Nous sommes de retour en Thaïlande, mais avec encore, un bon bout de chemin qui nous attend pour arriver chez Bertrand qui va nous recevoir pendant quelques jours à proximité de Rayong.

 

Bertrand. Encore un aventurier. Spécialiste du textile, il n’a pas hésité à s’expatrier pour exercer son métier qui le passionne. Et quand, par exemple, alors qu’il est en vacances en France, il ne trouve rien de mieux, pour retourner à son poste à l’usine des casques Shark implantée en Thaïlande, que de rejoindre Delhi, en Inde, à moto et en moins de cinq semaines (il est impossible de relier l’Inde à la Thaïlande par la route à cause du Myanmar d’un côté et de la Chine de l’autre)… Il serait tellement simple de prendre l’avion…

 

Passionnante visite de l’usine, préparation de notre départ vers le Népal, et retour à Bangkok au milieu d’immeubles au design futuriste, d’un dédale de centres commerciaux reliés les uns aux autres par le métro aérien, et où tout va très vite.

 

La moto est équipée d’un pneu arrière neuf en même temps qu’elle subit une bonne révision avant de se retrouver dans une caisse, prête à prendre le chemin de l’Himalaya, nous trouvons des billets d’avion pour Kathmandou, nous faisons quelques achats de matériel, nos passeports reçoivent le visa pour le Népal…. Toujours pas le temps de s’ennuyer !

 

Mais avant de nous envoler, une dernière rencontre nous attend ici. Marie et Brian, encore des québéquois, qui font aussi un tour du monde à moto. Eux tournent dans l’autre sens et nous nous croisons ici. Une soirée ne sera pas de trop pour faire connaissance, et échanger un tas d’informations qui faciliteront l’avenir proche des uns et des autres.

 

Il ne nous reste que le temps de quelques visites avant d’embarquer à nouveau pour un autre monde.
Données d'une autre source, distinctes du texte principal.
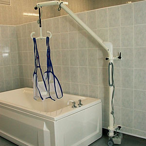 - подъемник оснащен специальной универсальной подвеской, пригодной как для стандартного использования, так и использования в воде. В зависимости от заболевания для пользователей подбираются индивидуальные подвески (с подголовником при повреждении шейных отделов позвоночника и др)

Au vu des photos et vidéos entrevues sur l’ordinateur de Marie et Brian, il y a de grandes chances que notre voyage reprenne un goût d’aventure sous peu de temps.

 

Nous ne manquerons pas de vous faire parvenir quelques images du haut de la plus haute route du Monde, si toutefois, le yéti nous laisse accéder jusque là haut, au cœur de l’Himalaya…

 

 

Nous espérons donc, très bientôt vous envoyer aussi, un peu de fraicheur alors que vous serez en plein été et certainement, les doigts de pieds en éventail avec une paille dans la limonade fraiche.